Однако оптимизм трагического в «Негре» не имел ничего общего с упрощением трагедийных коллизий. Таиров вовсе не хотел затушевать «неразрешимость» расовой проблемы в тех социальных условиях, в которых она возникает у О’Нила. Алиса Коонен — исполнительница роли Эллы — показывала ее предсмертное очищение с подлинной глубиной. Но с не меньшей силой ею была показана и расщепленность сознания дочери «Нового света», подобно тому как в «Любви под {41} вязами» у Коонен ужас Эбби перед совершенным ею преступлением и радость освобождения от собственнических чувств — этот «катарсис» трагедии XX века — не означал ни всепрощения, ни стремления снять противоречивость характера и образа Эбби. «Негр» заканчивался смертью Эллы и победой ее любви к Джиму. Но в своем истолковании пьесы Таиров акцентировал не это, вернее — не только это.

«Социальную значимость» спектакля он видел еще и в том, что пьеса «показывает невозможность разрешить коллизию черной и белой расы при капиталистическом строе»[lxix]. Финал он объявлял «смертельным обвинением тем общественным взаимоотношениям, которые не в силах создать иного исхода в человеческой жизни». Ему важно было всем образным строем спектакля подчеркнуть, что действие происходит в Нью-Йорке.
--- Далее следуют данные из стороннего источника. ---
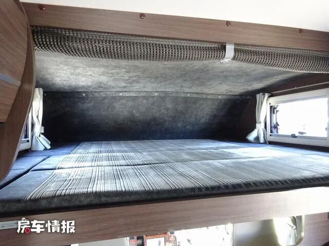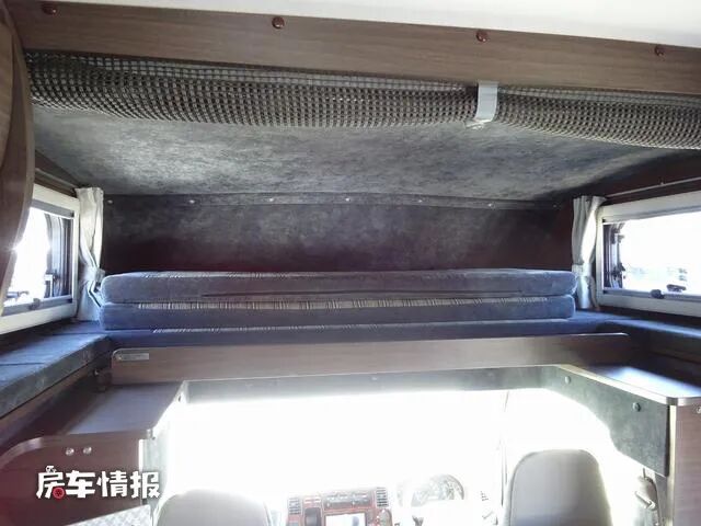 在最前方驾驶室顶部的额头区域内,是标配的额头床,采用抽拉式的设计,这样日常行车时就可以为下方的驾驶人员预留出更充裕的头部空间,另外两边都带有外推窗,整体的采光度也还不错,天气好的时候还可以用来通风换气。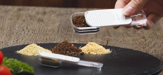 1 ba se de 12 cm de ancho x 14 cm de largo x 13 cm de alto | 1 salero y pimentero de 7 cm de alto x 5 cm de diámetro (80 g) | Con tapón en la base | Poliresina

О’Ниловский цикл спектаклей Таирова ясно характеризует его позиции второй половины 20‑х годов. Теперь социальные обоснования характеров и конфликтов, драматических обстоятельств и ситуаций типичны для каждой работы режиссера. Уже по поводу ранней «Адриенны Лекуврер» — спектакля 1919 года — о Коонен писали, что она «очень интересно трактует роль, выдвигая на первый план драму артистки, тогда как у Дузе, например, на первом плане была женщина»[lxx]. Примечательно меткое наблюдение Л. Гроссмана, писавшего, что «первое появление Коонен — Лекуврер с книжкой Корнеля в руке и трагическими стихами на устах раскрывает особый творческий план переживаний Адриенны»[lxxi]. Рассуждения Таирова о пьесе Скриба, возобновляемой в 1932 году, обнаруживают, насколько глубже стал он видеть социальный смысл истории знаменитой французской актрисы. Говоря о «позорной роли», которую сыграла великосветская среда в трагической гибели мадемуазель Лекуврер, Таиров в своей заметке к возобновлению спектакля на сцене МКТ специально отмечает, что он не добивается «точной реконструкции эпохи Людовика XV и портретного сходства действующих лиц»; это мог бы сказать прежний Таиров — крайний противник натурализма, достоверности на сцене. Но тут же он пишет, что не считал бы правильным «перенести действие в современность, так {42} как вне условий феодального общества… образ Адриенны и вся ситуация ее гибели потеряли бы органические корни»; — и это — новый Таиров, Таиров, уже давно провозгласивший искусство реализма «конкретного».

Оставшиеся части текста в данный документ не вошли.